Miserere Nostri belongs to the English Elizabethan tradition of setting the Miserere texts, Miserere Mei, Miserere Mihi and Miserere Nostri to canonic musical settings, primarily as a demonstration of technical skill.
Tallisís setting is a canon six in two; six voices are used to create a simultaneous or double canon. The first is a canon at the unison, between the two highest voices. Superius 1 is the antecedent (the first sounding voice) by one semi-breve. The second is a mensuration canon of four voices, all beginning simultaneously. The Discantus part is the antecedent with the Contra tenor in canon in double augmentation (the notes are four times longer). The two Bassus parts are in canon per Arsin et Thesin, that is they are inverted so that upward intervals in the antecedent are downward in the consequent (the answer).

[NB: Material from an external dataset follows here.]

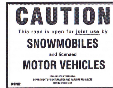
State Forest Roads

State forest and state park roads that are designated as joint-use roads are posted with a CAUTION sign like the sample shown below. Persons from age 10 through 15 may ride on these designated state forest and state park roads only if they hold a valid safety-training certificate issued or approved by DCNR and are under the direct supervision of a person 18 years of age or older.

Bassus 2 is augmented (the note values are doubled) and Bassus 1 is triple augmented (the note values are eight times longer).
Despite this complexity and the consequently dense texture, Miserere Nostri sounds unmistakably like Tallis containing no stilted or contrived writing that can sometimes pervade in less successful canonic essays.
The two leading canonic voices, Superius and Discantus are both marked with signa indicating in the case of the Superius part the point at which the consequent enters, and in the case of the Discantus part the extent of the mensural canons.
Tallis wrote Miserere Nostri during the reign of Elizabeth I sometime before 1575. In his hand-written score of 1770 (Lbm Add. MSS. 14398) Mr. Warren ascribes it to 1570, though it is not known on what authority.
The text appears at least twice in the liturgy: as verse 3 of psalm 122 and as the anti-penultimate verse of the Te Deum. The phrase Miserere nostri is an alternative form of the more familiar Miserere nobis found in the mass ordinary.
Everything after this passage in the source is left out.